MEMPHIS, Tenn. — Motherhood can be the most rewarding experience, but the journey can be challenging.
Severe hypertension is one of the leading causes of death and disease among pregnant women especially in Black women.
We spoke with doctors and nurses at Baptist about what they are doing to improve the quality of life.
Hypertension is known as the silent killer. Many pregnant women, particularly Black women, have it.
It's so common that two patients were going to share their stories with us but both were called into early labor for this reason.
Science has come so far.
“It is marvelous to see that anyone can give me a call and tell me we have this. All I have to say is let’s start the protocol,” said Dr. Jacques Samson, Baptist Memorial Hospital’s Maternal Fetal Medicine Director.
Dr. Samson treats pregnant women with high blood pressure or preeclampsia.
“Hypertension disorder is one of the more common causes of maternal morbidity such as stroke, heart attack, and death,” said Dr. Samson.
The numbers are particularly high among Black women. They are 3.5 times more likely to face maternal death than white women.
“We’ve known about preeclampsia.

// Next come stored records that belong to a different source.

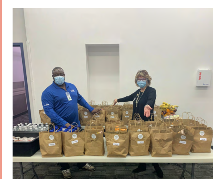
Bianco Catering delivered bag lunches for volunteers and staff at the Mass Vaccine Program on March 1, 2021
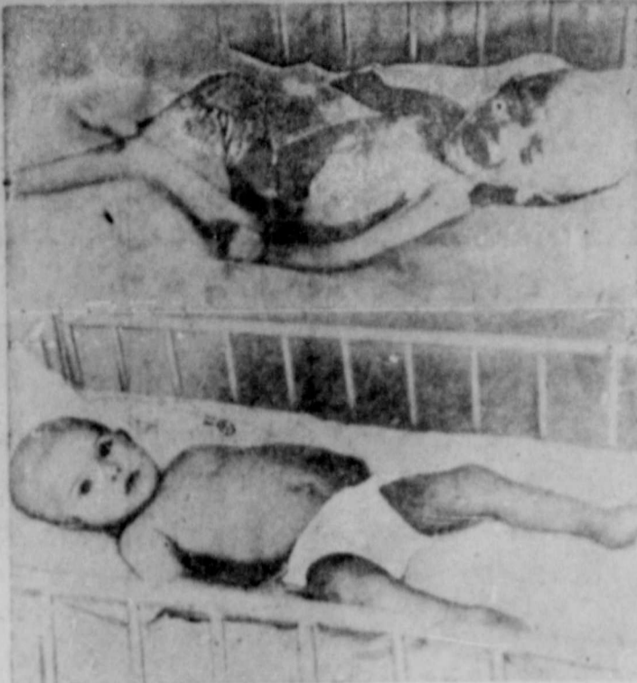
Three months of proper care under UNRRA supervision resulted in the almost incredible transformation in the infant shown in the photos above. Top picture was made when the 8-month-old baby was liberated last July from a Nazi concentration camp. UNRRA took charge and removed the infant to Sweden, where the bottom photo was made in October.
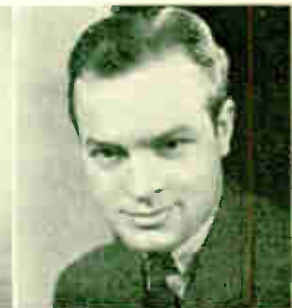
Bob Hope For Pepsodent
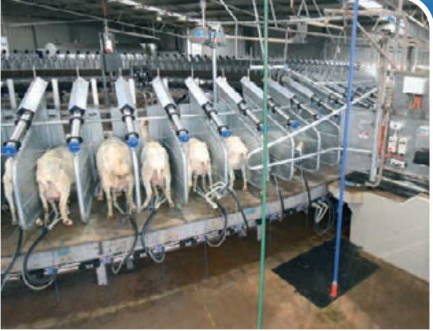
Daviesway successfully took on a technical project when it converted a 60-stand dairy cow rotary into a 120-stand goat dairy capable of milking 8000 goats in South-Western Victoria.
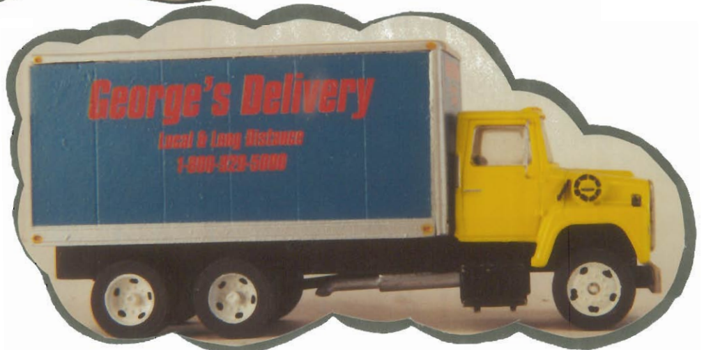
#5103.....GEORGE'S DELIVERY DECAL SET. TRUCK NOT INCLUDED

The first that I remember in the literature was around 456 B.C.E. Throughout the literature, you see these quotes. ‘I don’t know what this is, but people are dying,’” said Dr. Samson.
That has all changed with the advancement of science and technology.

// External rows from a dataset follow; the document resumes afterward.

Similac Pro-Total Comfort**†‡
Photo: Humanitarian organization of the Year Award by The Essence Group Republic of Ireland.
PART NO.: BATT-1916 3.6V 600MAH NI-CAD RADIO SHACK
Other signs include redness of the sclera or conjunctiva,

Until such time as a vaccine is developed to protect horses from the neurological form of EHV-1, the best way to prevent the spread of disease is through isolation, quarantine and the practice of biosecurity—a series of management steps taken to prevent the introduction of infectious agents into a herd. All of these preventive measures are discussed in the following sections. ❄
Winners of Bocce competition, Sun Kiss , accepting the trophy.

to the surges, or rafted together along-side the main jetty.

In 2019, Baptist started the Severe Hypertension in Pregnancy and Postpartum (SHIPP). It's a standardized program treating pregnant women with severe hypertension.
Camelle Fishel and Gina Horne are nurses who helped develop the program.
“When you have a standardized protocol, that means everybody gets the same. Everybody has the same treatment…equitable among all populations,” said Baptist's Nursing Assistant Director, Gina Horne.
That's key from the time of pregnancy to postpartum.
“The only cure for pre-eclampsia is delivery of the baby…The doctors know just how long you can stay pregnant safely and when it’s time to be delivered. It can change overnight,” said Baptist's Perinatal Services Director, Camelle Fishel.
“A lot of times, these women are young women and they feel good, so they don’t realize that they are very sick,” said Horne.
Some symptoms include high blood pressure, headaches, or spotty vision.
“We worry about seizures. We worry about stroke, heart attack, death in mom and baby,” said Dr. Samson. “There is a high rate of preeclampsia in the community. Part of why I returned to Memphis is because it is such an impact ... We need more people to be very vigilant and diligent in making not only the diagnosis but implementing the appropriate care.”
The goal is to end the disparity for a start to a better life.
The American Congress of OBGYN has now implemented a standardized program for severe hypertension in pregnant women as well.
We now know how to recognize it, treat it, and one day prevent it.